__Aim of the exercise__. Transcribe only the part of the material below that begins at the line containing "Аварийное дерево №15" and ends at the line containing "Harcerki i harcerze", with both kept and images left out.
───── Data supplied
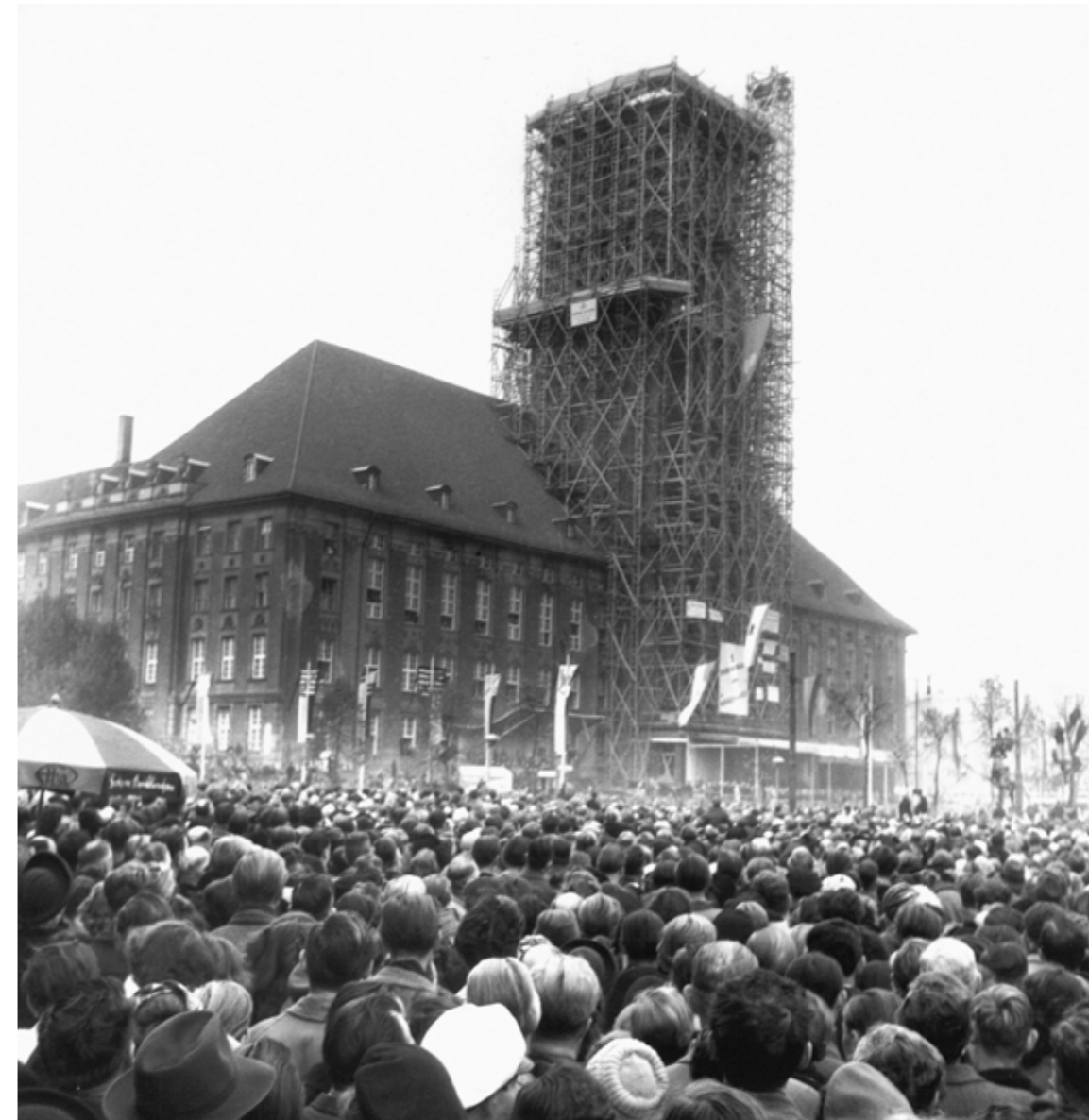
Audience with more than 400,000 people at the inauguration of the Freedom Bell on Rudolph-Wilde-Platz.
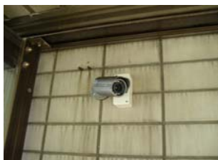
駐輪場赤外線投射カメラ
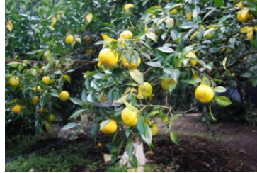
西留農園 (柚園) 1
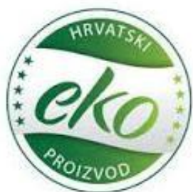
Slika 1. Oznaka hrvatskog eko proizvoda

Hrvatsko tržište ekološke hrane je slabo razvijeno i značajno zaostaje za razvijenim zapadnoeuropskim tržištima. Distribucijski kanali ekološke hrane, a tako i povrća, u Hrvatskoj suženi su ekološkim proizvođačima jer je ekološka hrana vrlo slabo zastupljena u lancima supermarketa koji predstavljaju osnovni oblik prodaje proizvoda. Naime, zbog velike promjene u prinosima između godina te malih proizvodnih kapaciteta (potražnja veća od ponude) ekološki proizvođači su prisiljeni na prodaju svojih proizvoda na tržište izravnom prodajom ili preko prodavaonica zdrave hrane. (Ivanišević, 2016.). Da bi se tržište ekoloških prehrambenih proizvoda jače razvilo prioritet hrvatskim proizvođačima ekološke hrane je ulazak u najznačajnije lance supermarketa. Ulaskom u lance supermarketa proizvođači bi stekli značajan prodajni kanal, a potrošačima bi ekološka hrana postala dostupnija nego što je trenutno. Nažalost, mnogi potrošači i dalje ne znaju prepoznati ekološki proizvod. Upravo zbog toga donešena je odluka potrebe znaka hrvatskog ekološkog proizvoda. (slika 1.).
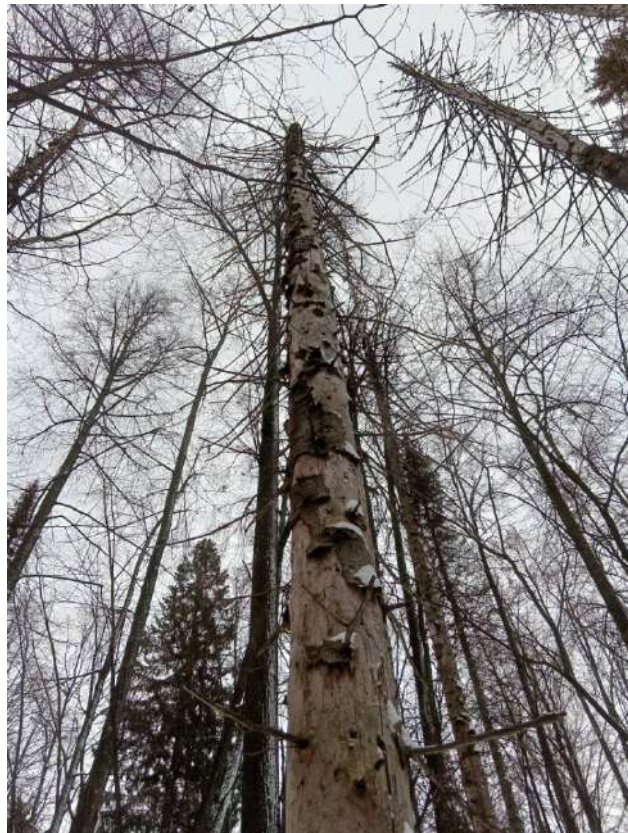
Аварийное дерево №15
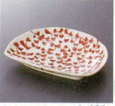
ホ-18427 718427 1,480円 赤絵タコ唐草半月皿 60入 17.3×13×3.2cm
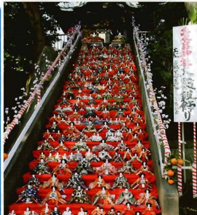
愛宕神社 大雛段飾り
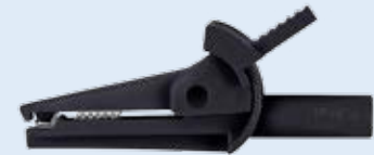
SAK 6715 Ni / 2 / ..(Farbe) SAK 6715 Ni / 2 / ..(colour)
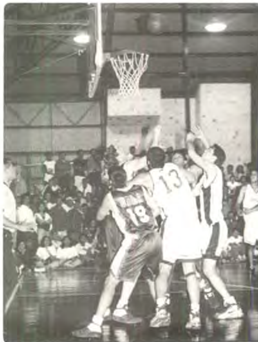
El basquetbol arranca con todo
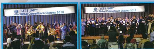
2013 Enagic Global Convention
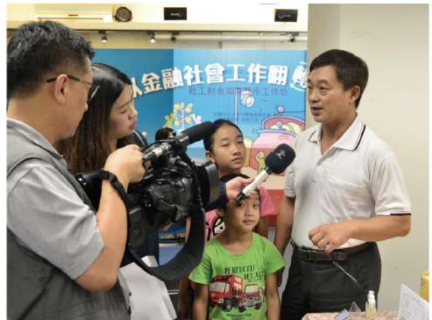
服務對象於記者會後接受採訪。

本會來年將繼續投注資源於金融社工項目，持續加強社會服務工作，希望讓大家看見理財教育著實是翻轉貧窮的一股助力。下一年度，我們希望能招募更多的合作夥伴與社工，持續將這樣有意義的理財培力課程更加發揚光大，翻轉更多家庭的未來！
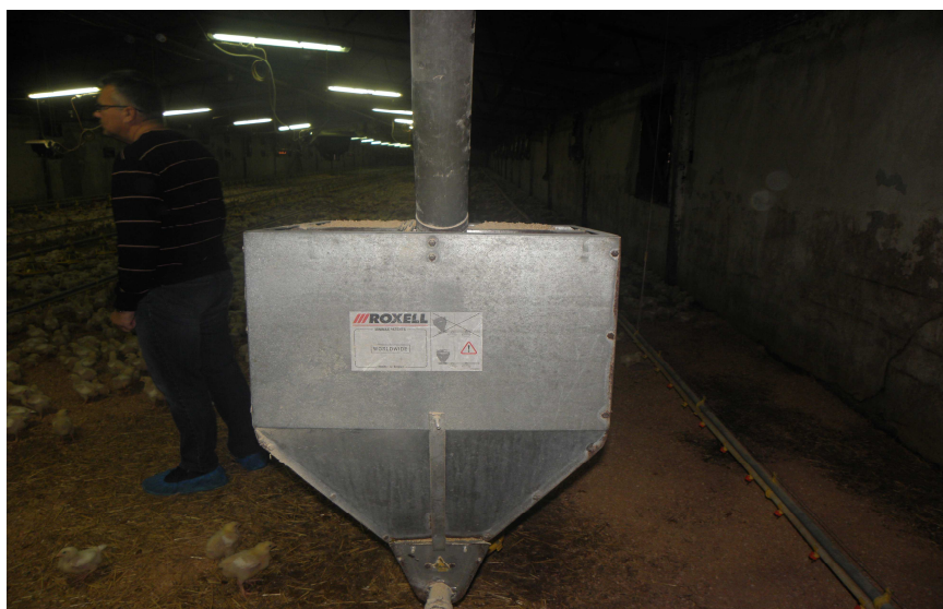
koš za hranu vidljiv proizvođač
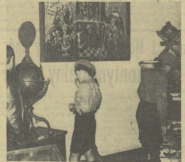
Harcerki i harcerze oglądają pamiętki po Koperniku, zgromadzone w uniwersyteckim muzeum.

Po złożeniu kwiatów pod pomnikiem Kopernika przed uniwersytem, nastąpił przemarsz do siedziby PAN, gdzie rozpoczęła się sesja popularnonaukowa. Odczyt pt. „Młodość Mikołaja
──────────
__Task response__.
Аварийное дерево №15
ホ-18427 718427 1,480円 赤絵タコ唐草半月皿 60入 17.3×13×3.2cm
愛宕神社 大雛段飾り
SAK 6715 Ni / 2 / ..(Farbe) SAK 6715 Ni / 2 / ..(colour)
El basquetbol arranca con todo
2013 Enagic Global Convention
服務對象於記者會後接受採訪。

本會來年將繼續投注資源於金融社工項目，持續加強社會服務工作，希望讓大家看見理財教育著實是翻轉貧窮的一股助力。下一年度，我們希望能招募更多的合作夥伴與社工，持續將這樣有意義的理財培力課程更加發揚光大，翻轉更多家庭的未來！
koš za hranu vidljiv proizvođač
Harcerki i harcerze oglądają pamiętki po Koperniku, zgromadzone w uniwersyteckim muzeum.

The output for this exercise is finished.